Re: [RFC PATCH bpf-next 0/6] bpf: Handle reuse in bpf memory alloc

Alexei Starovoitov <alexei.starovoitov@xxxxxxxxx> · Tue, 14 Feb 2023 18:42:41 -0800

On Tue, Feb 14, 2023 at 6:36 PM Hou Tao <houtao@xxxxxxxxxxxxxxx> wrote:
>
> Hi,
>
> On 2/12/2023 12:33 AM, Alexei Starovoitov wrote:
> > On Fri, Feb 10, 2023 at 5:10 PM Hou Tao <houtao@xxxxxxxxxxxxxxx> wrote:
> >>>> Hou, are you plannning to resubmit this change? I also hit this while testing my
> >>>> changes on bpf-next.
> >>> Are you talking about the whole patch set or just GFP_ZERO in mem_alloc?
> >>> The former will take a long time to settle.
> >>> The latter is trivial.
> >>> To unblock yourself just add GFP_ZERO in an extra patch?
> >> Sorry for the long delay. Just find find out time to do some tests to compare
> >> the performance of bzero and ctor.

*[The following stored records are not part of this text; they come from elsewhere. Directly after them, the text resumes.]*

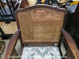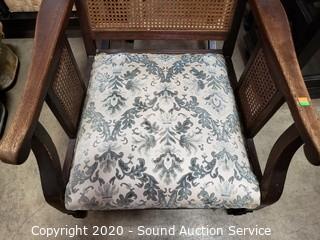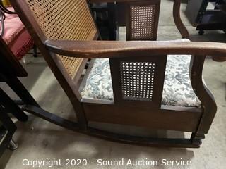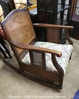Lot #0030: Vtg. Oak Cane Back Padded Rocker
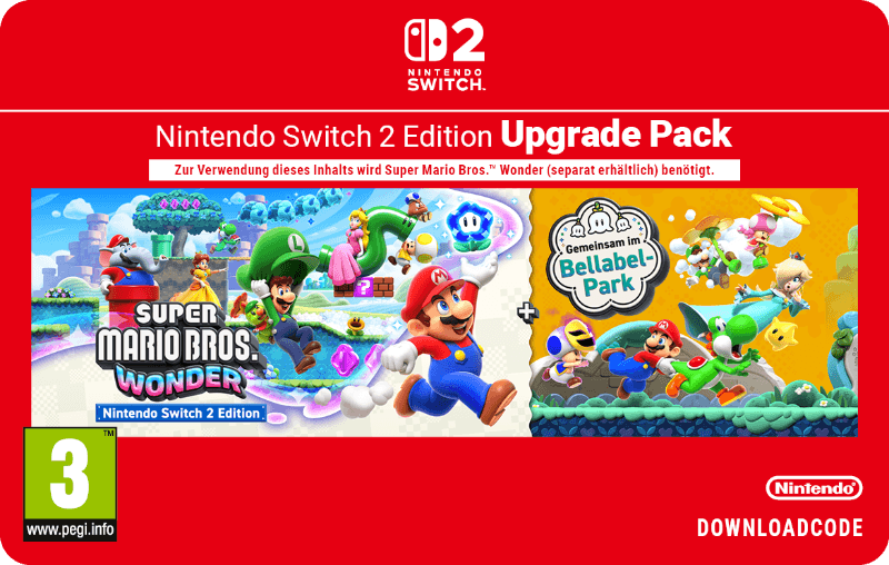 Dieses Upgrade wandelt dein Exemplar von Super Mario Bros. Wonder in die Switch 2-Version um, die ein brandneues Gebiet und viele technische und Gameplay-Upgrades enthält. Die Originalversion des Spiels bleibt auf deiner Nintendo Switch spielbar.
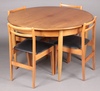 | 190 | A mid-century teak dining suite comprising circular extending dining table raised on turned supports 72cm h x 110cm diam. and a set of 4 ladder back dining chairs | 30-50 |
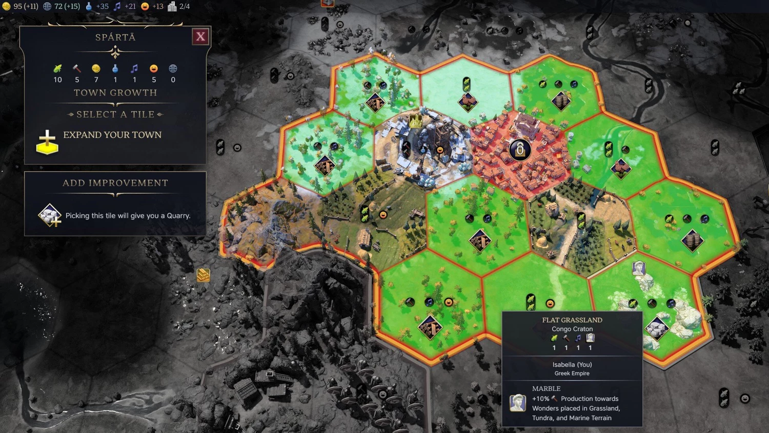 Строительство и развитие: игроку предстоит закладывать города, грамотно распределять ресурсы и наращивать военную мощь. Основанные поселения нужно развивать так, чтобы максимально использовать потенциал окружающих земель: возводить нужные здания, налаживать производство и торговлю, следить за уровнем довольства населения. Параллельно важно создавать боеспособную армию — столкновения с другими цивилизациями практически неизбежны, а исход сражений напрямую зависит от подготовки и тактики.
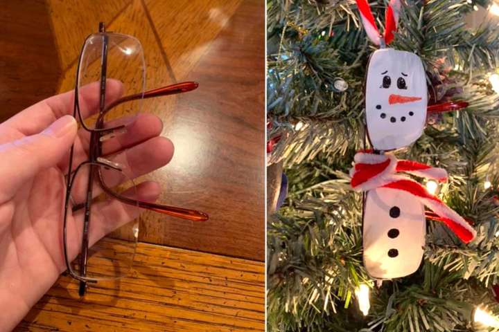 Кристи сделала из очков своего покойного мужа елочную игрушку, похожую на милого снеговика с доброй улыбкой.
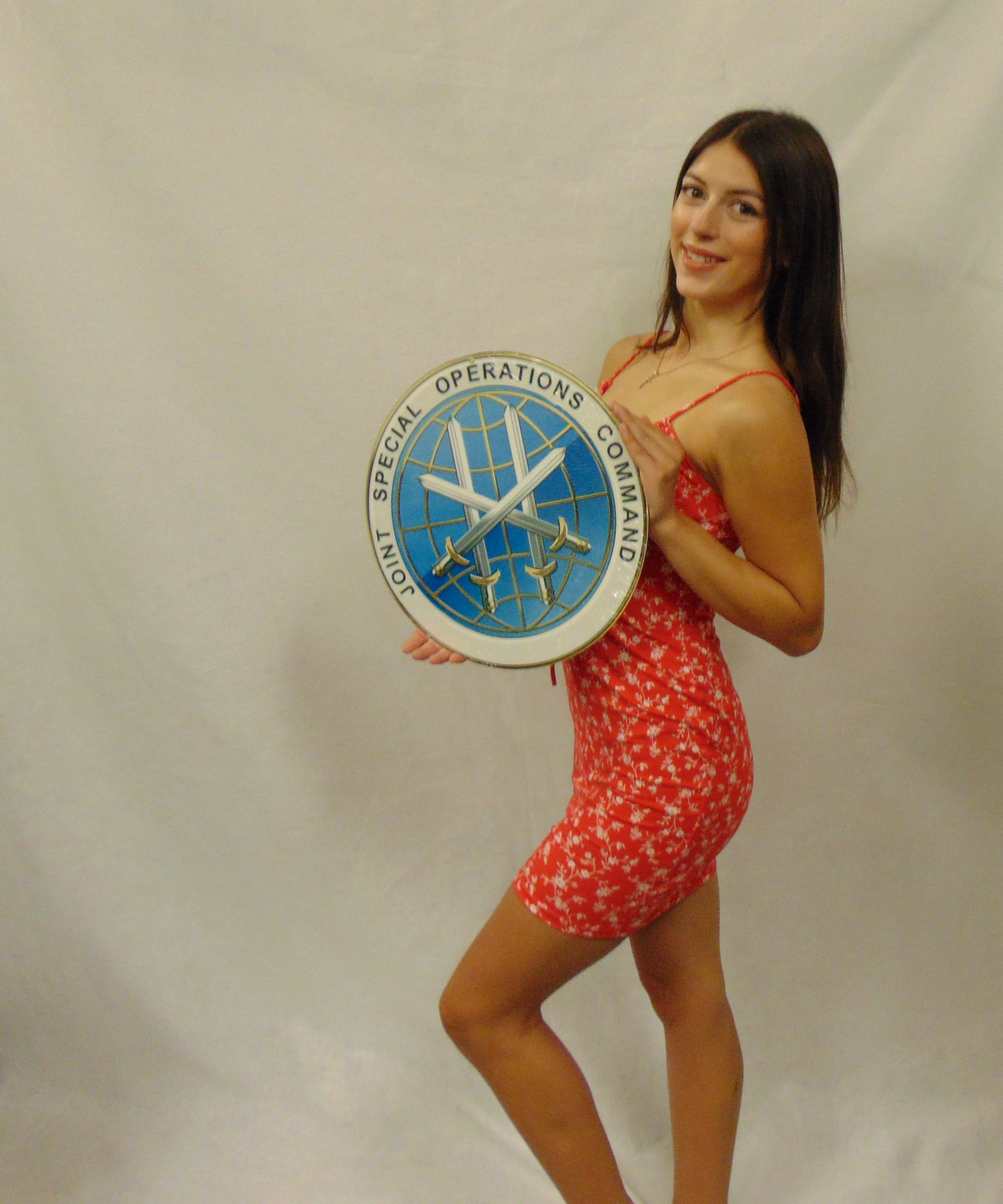 From Special Operations Group, presented by "Military Insignia 3D" collection by Serge Averbuk, this Naval Joint Special Operations Command Metal Sign measures 14 inches. This custom metal shape is hand made in the USA using heavy gauge American steel and a process known as sublimation, where the image is baked into a powder coating for a durable and long lasting finish. This custom metal shape is drilled and riveted for easy hanging.

After it is done, will resubmit on next week.
> > I still don't like ctor as a concept. In general the callbacks in the critical
> > path are guaranteed to be slow due to retpoline overhead.
> > Please send a patch to add GFP_ZERO.
> I see. Will do. But i think it is better to know the coarse overhead of these
> two methods, so I hack map_perf_test to support customizable value size for
> hash_map_alloc and do some benchmarks to show the overheads of ctor and
> GFP_ZERO. These benchmark are conducted on a KVM-VM with 8-cpus, it seems when
> the number of allocated elements is small, the overheads of ctor and bzero are
> basically the same, but when the number of allocated element increases (e.g.,
> half full), the overhead of ctor will be bigger. For big value size, the
> overhead of ctor and zero are basically the same, and it seems due to the main
> overhead comes from slab allocation. The following is the detailed results:

and with retpoline?